Start of Dataset excerpt

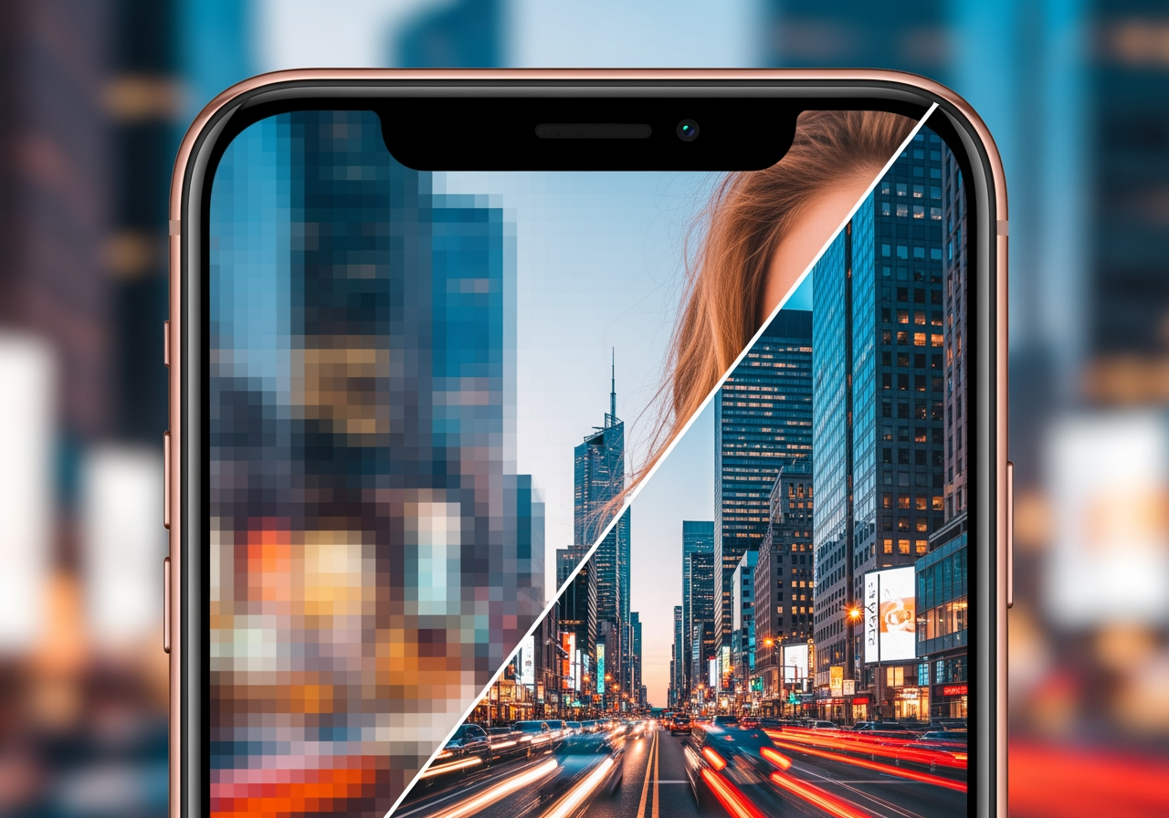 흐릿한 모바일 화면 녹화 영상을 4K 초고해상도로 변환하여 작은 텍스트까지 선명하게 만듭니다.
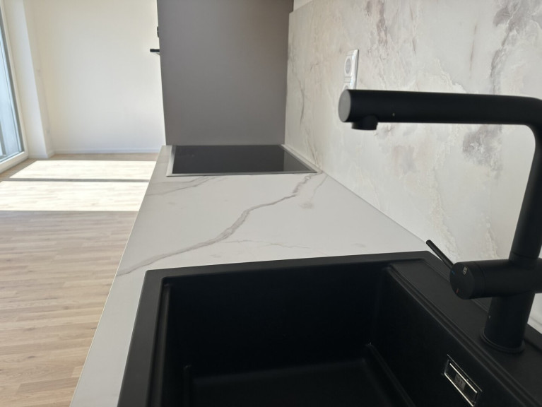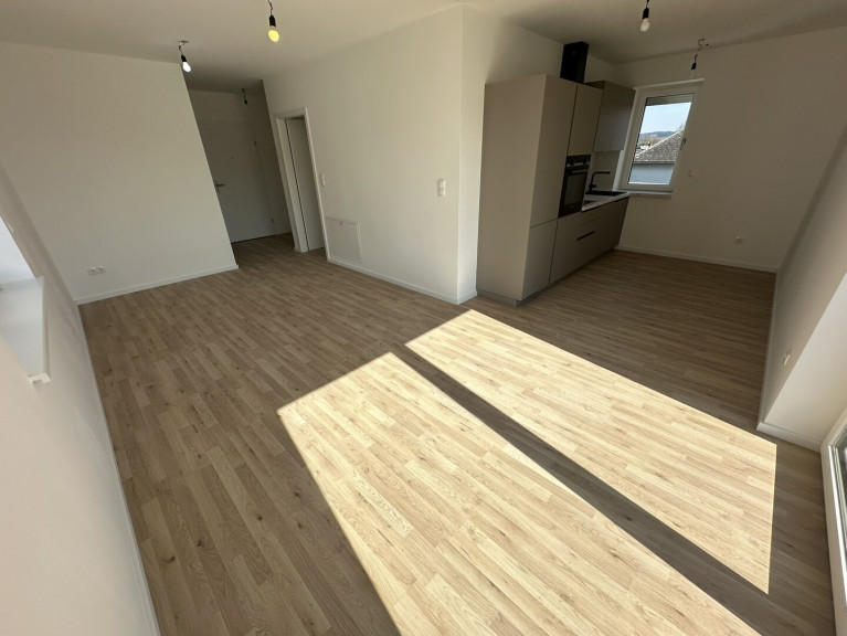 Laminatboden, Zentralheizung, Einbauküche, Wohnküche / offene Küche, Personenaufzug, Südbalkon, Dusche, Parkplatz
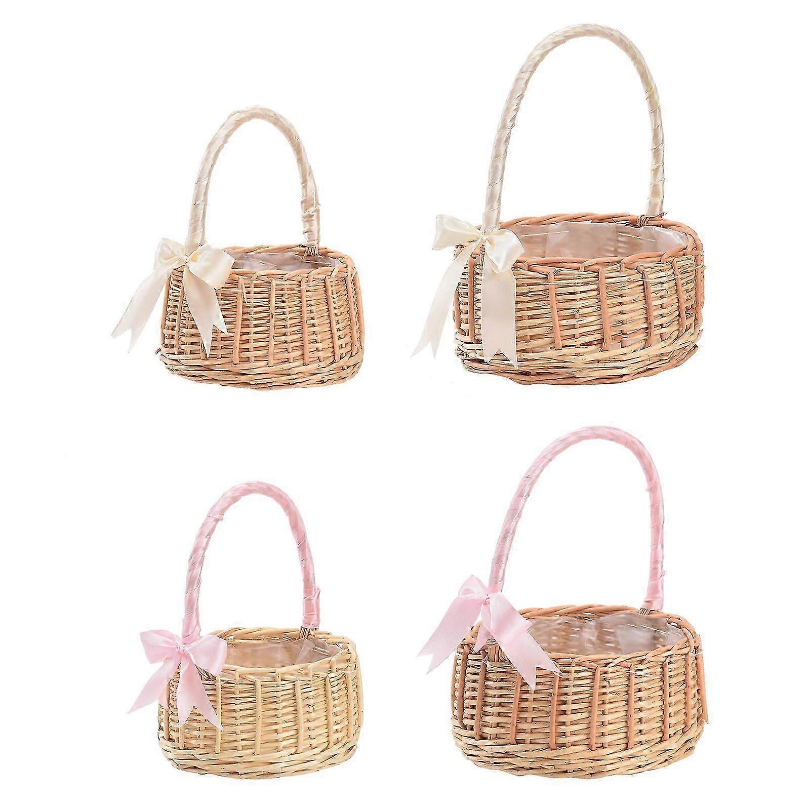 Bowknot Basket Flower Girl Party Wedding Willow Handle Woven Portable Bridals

End of Dataset excerpt

**Brief**. Write out the listing above again, exactly, but with no pictures in the copy.

**Solution to this exercise**.
 흐릿한 모바일 화면 녹화 영상을 4K 초고해상도로 변환하여 작은 텍스트까지 선명하게 만듭니다.
 Laminatboden, Zentralheizung, Einbauküche, Wohnküche / offene Küche, Personenaufzug, Südbalkon, Dusche, Parkplatz
 Bowknot Basket Flower Girl Party Wedding Willow Handle Woven Portable Bridals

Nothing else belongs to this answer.